[logfromblammo]

If that policy is enforceable, someone would have to be storing passwords in plaintext, or the hashing algorithm is too weak.

IT shouldn't be able to tell anything about plaintext password similarity beyond equals or not-equals.

[Sohcahtoa82]

Ad-hoc, this is correct.

But at the time of the password change, no, assuming password changing requires you to enter your current password as well.

[Vendan]

If just with previous password, then yeah, that's fine, but more then likely they are saying with the previous N passwords, which would require storing the previous N passwords in some kind of plain text or easily reversible form. Even if those old passwords are useless at that point (which might not be the case for something like a laptop that hasn't talked to the domain controller and learned that the password has been updated or something), it's still dangerous (what if they used that password on a vendor's site, or on their own banking login...)

[logfromblammo]

The password-change form should be using a password field, and that should not be allowing any code or scripts to grab the plaintext stored in it.
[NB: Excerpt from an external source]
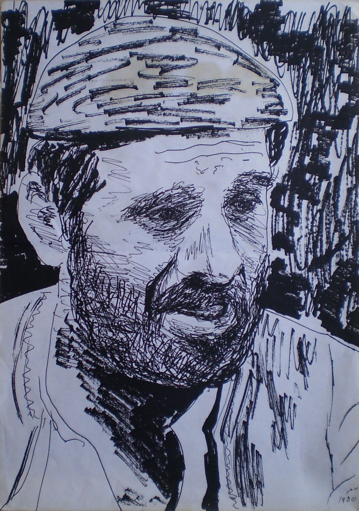 Chaim Topol as Sallah Shabati, self portrait. Donated To Commons under cc-by-sa license in honor of Jordan River Village

If the code that compares your current password to the new password can read the plaintext of your passwords, so too could a malicious program.

Using HTML input type="password" alone is not sufficient protection. The same steps that protect password changes from malicious attackers must necessarily protect them enforcement of bad IT security policy.

[Sohcahtoa82]

The check is done server-side.

At the time of a password change, the server still has your old password hash stored, and in the process of changing it, you are sending both your old password and new password. The server can verify both that your new password and old password differ enough while also verifying that the old password you sent it is valid.

[Arrath]

I had a similar concern. Or maybe it was a company wide email and that language was in there just because.

Of course, our company-wide email was down for 2-3 months a couple years ago due to a ransomware infection, so our IT isn't stellar. So who knows!